What the task requires:
In the records below, find the line with "Tira de luz" and repeat exactly every line from it through the line with "全行业当年实现利润210.3". Pictures stay out.

Records for this task:
----

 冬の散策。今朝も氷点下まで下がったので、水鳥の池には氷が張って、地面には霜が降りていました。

----

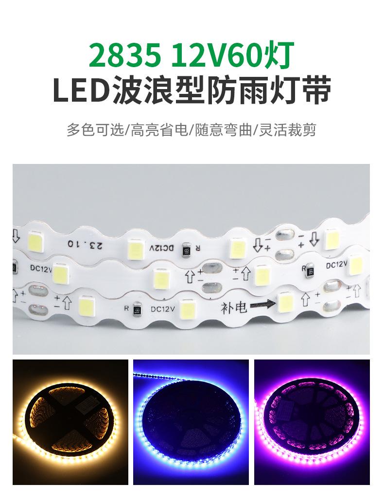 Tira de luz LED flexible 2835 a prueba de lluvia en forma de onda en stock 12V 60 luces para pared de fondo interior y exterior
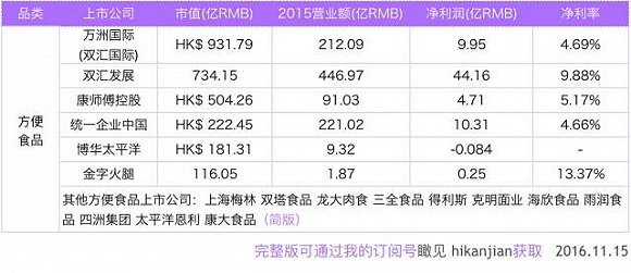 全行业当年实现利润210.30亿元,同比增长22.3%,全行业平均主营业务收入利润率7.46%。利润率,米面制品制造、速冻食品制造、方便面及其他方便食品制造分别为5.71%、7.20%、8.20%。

----

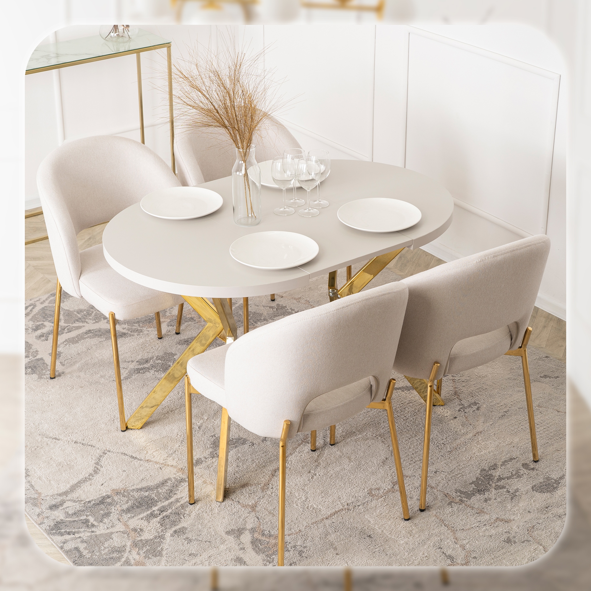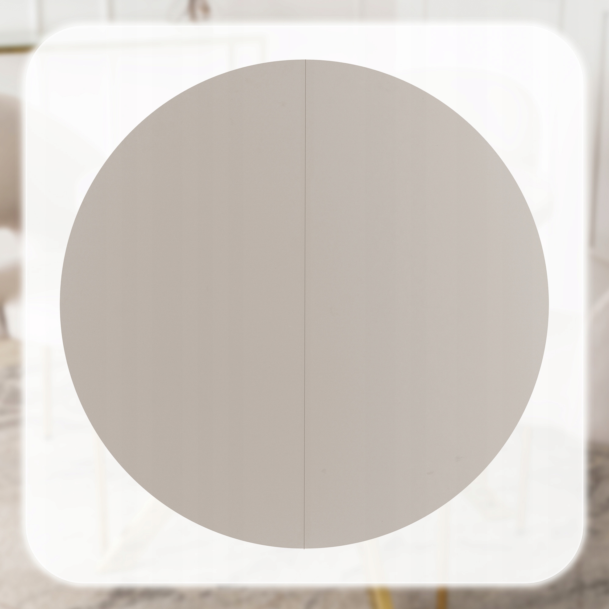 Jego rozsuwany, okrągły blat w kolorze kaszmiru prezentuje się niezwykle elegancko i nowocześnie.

----

Solved exercise:
 Tira de luz LED flexible 2835 a prueba de lluvia en forma de onda en stock 12V 60 luces para pared de fondo interior y exterior
 全行业当年实现利润210.30亿元,同比增长22.3%,全行业平均主营业务收入利润率7.46%。利润率,米面制品制造、速冻食品制造、方便面及其他方便食品制造分别为5.71%、7.20%、8.20%。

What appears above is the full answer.